22-month old Lydia reaches for the glass vase filled with flowers. Her mother, giving her “the look,” firmly says, “No!” With a glint in her eyes, Lydia continues to reach for the colorful vase, repeating a chorus of “No! No! No!”
Just before the vase comes crashing to the ground, Lydia’s mother reaches her, uprights the vase, and yells; “You know you aren’t supposed to touch the vase.” Lydia bursts out laughing, which infuriates her mother.
Shortly after the above incident occurred, Lydia’s mother called a friend, voicing some common concerns among parents of toddlers. “Why won’t Lydia listen to me? If I don’t start teaching her now, won’t it just be harder as she gets older? What can I do?”
Three is the magic age
While you do need to teach your children proper behavior, it is best to save your efforts at true discipline till after your children turn three years of age. Remember that all children grow and mature at different rates; three is an average age for all children and is given as a guideline. Your particular child may be ready a little before or after age three.
At around three, children will just begin (“begin” being a very important word) to have the maturity to monitor their own behavior and to control their impulses. When we talk about disciplining kids, we actually mean helping them learn to regulate their own behavior. That means when you give them information, tools, and skills they will be able to listen to you when you say “no” and to behave in ways that follow your values and society’s demands.

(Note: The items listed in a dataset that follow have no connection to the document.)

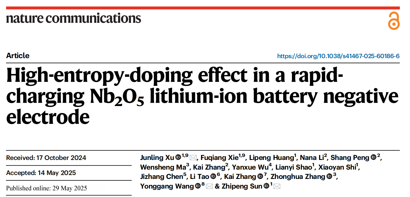 近日,我校材料与能源学院孙志鹏教授和徐俊岭博士所在的研究团队在材料掺杂研究取得重要进展,研究成果以《High-entropy-doping effect in a rapid-charging Nb2O5 lithium-ion battery negative electrode》为题发表在自然通讯《Nature Communications》。该论文的第一作者为材料与能源学院徐俊岭博士,通讯作者为材料与能源学院孙志鹏教授和徐俊岭博士,以及复旦大学化学系王永刚教授,材料与能源学院21届研究生谢富强为论文共同第一作者,九游注册为该论文第一完成单位,主要测试工作由分析测试中心提供技术支持。
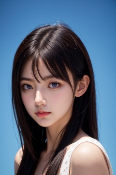 <lora:AgainEyes:0.5>,1girl,black hair,portrait,white dress,purple eyes,shining eyes,blue simple background,
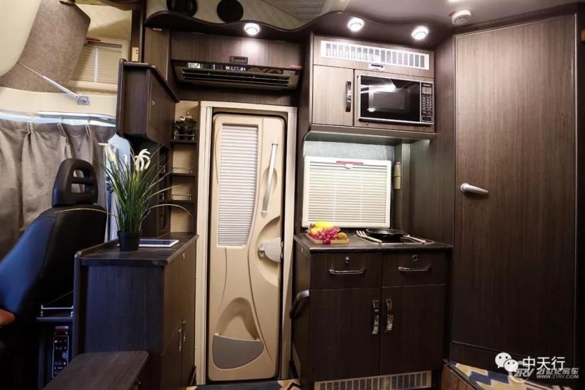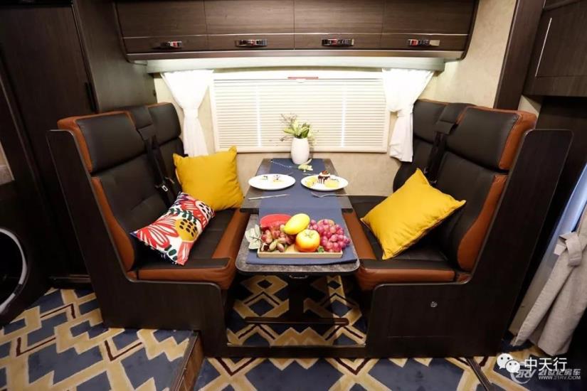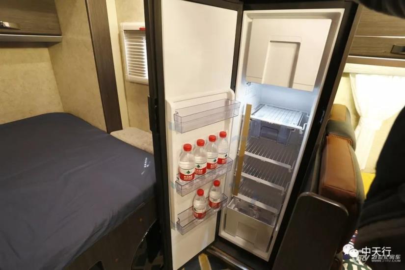 卡座沙發(fā)后方是一臺(tái)152升進(jìn)口賽特福德冰箱,含18L冷凍柜,134L冷藏室。冰箱整體機(jī)身外尺寸為1500 x 418 x 578(mm),高效利用車內(nèi)空間,使整體空間更寬敞舒適。
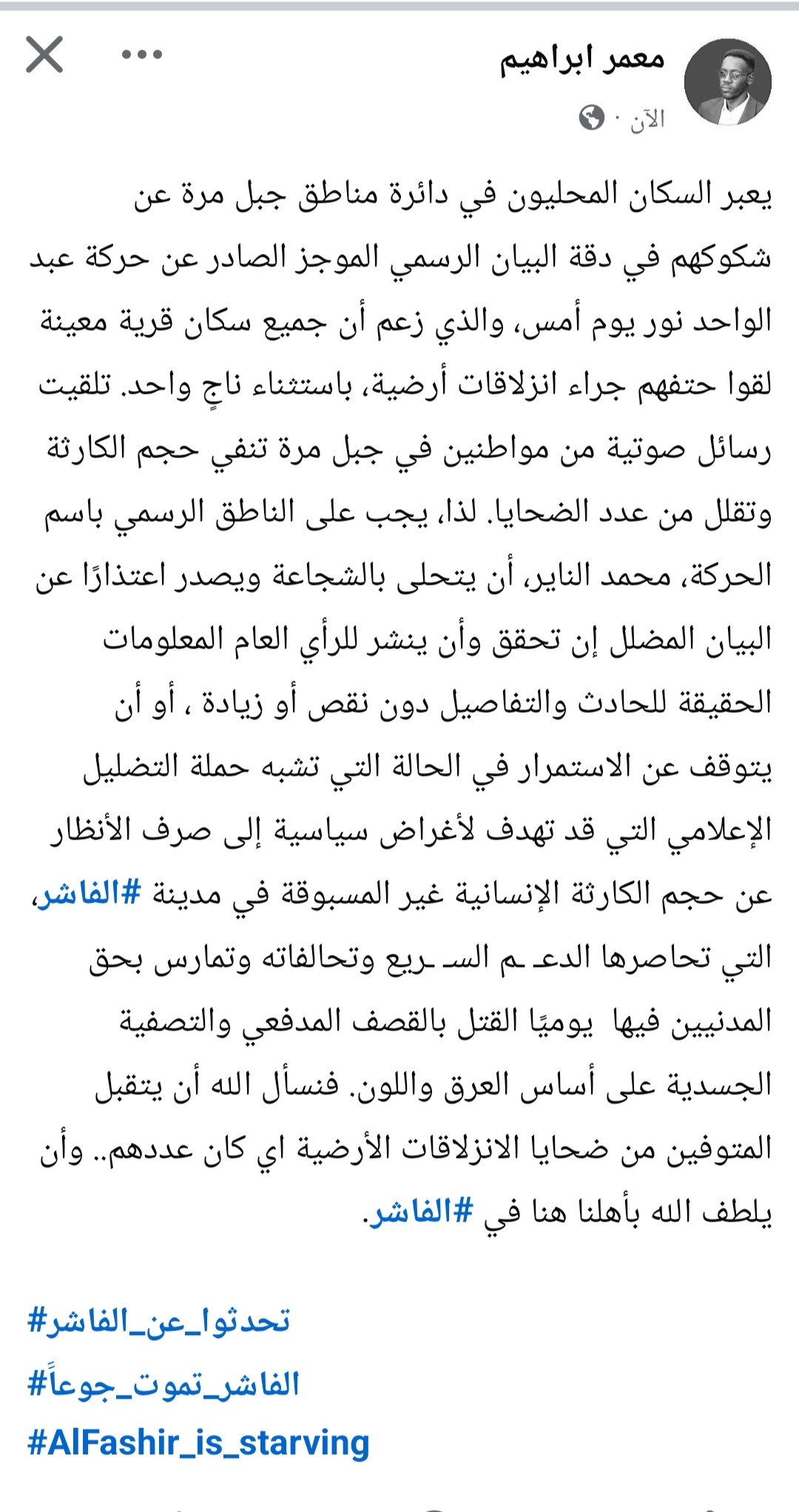 في المقابل، تعيش مدينة الفاشر أزمة إنسانية خانقة، وحصارا تفرضه عليها ميليشيا الجنـ.جويد أدى إلى تجويع الملايين وحرمانهم من أبسط مقومات الحياة، بينما يبدو أن عبد الواحد نور لا يعبأ بهذه الكارثة الإنسانية، منشغلاً بالتنقيب عن الذهب في المنطقة، وفتح المجال لإسـ.رائيل

Prior to age three, most children do not have the inner control to stop themselves from doing whatever it is they want to do, nor do they have the judgment to keep themselves safe. It is your job as the parent to provide the external control that will protect them until they are able to protect themselves. You can do this by using “limit setting” techniques, such as:
- distracting them,
- providing a safe environment,
- repeating basic rules.
You do all of this without an expectation that your under three-year-old will follow the rule.
As children mature, you can begin to expect them to gradually internalize the rules and behave according to them. It will actually take many years before you can totally trust that your children will curb their impulsivity and show improved decision-making abilities.
What can parents do?
A Limit Setting response
So what can Lydia’s mother do now with her 22-month old? As Lydia shows interest in the vase, mom can:
- remind Lydia of the rule, “We don’t touch the flowers.”
- distract Lydia by pointing out something else which may interest her, such as a toy, the clouds outside the window, or the sound of the clock.
- move the vase out of sight or at least out of reach.
- recognize Lydia’s interest in the flowers. While holding her hands, mom can show Lydia how to smell them from a distance. “You really like the flowers. They have such pretty colors. Let’s see if we can smell them.”
- explain why there is the rule. “The vase can fall over, the water can spill, and you can get hurt from the broken vase.”
A Discipline response
When Lydia is older – after age three – mom can expect her to display greater inner-discipline. At this point, if Lydia reaches for the vase, the interaction could be as follows:
- Remind Lydia of the rule, “No, Lydia, we don’t touch the flowers.”
- If Lydia leaves the vase alone, praise her. “Even though the flowers are really pretty, you did not touch them. Thank you for following the rule.”
- After the fact, make sure Lydia understands why the limit was set by asking, “Why doesn’t Mommy want you to hold the vase?”
- If Lydia doesn’t leave the vase alone, mom can remove Lydia from the room.
- Once Lydia and mom are calm, she can talk with Lydia.
“Do you know why we can’t touch the vase?”
“What could happen if the vase falls?”
“What were you trying to do with the vase when I told you to stop?”
“How can you get to touch the flowers the next time?”
The answer to this last question could be having Lydia ask mom to hold the vase so Lydia can get closer the flowers.
The purpose of discipline is to teach children inner-discipline so ultimately they won’t need their parents to set limits for them. Until they are developmentally ready, it is your job to provide the controls that children need but don’t yet have. You can use techniques which do not shame or blame your children and which leave you feeling confident in your role as a parent.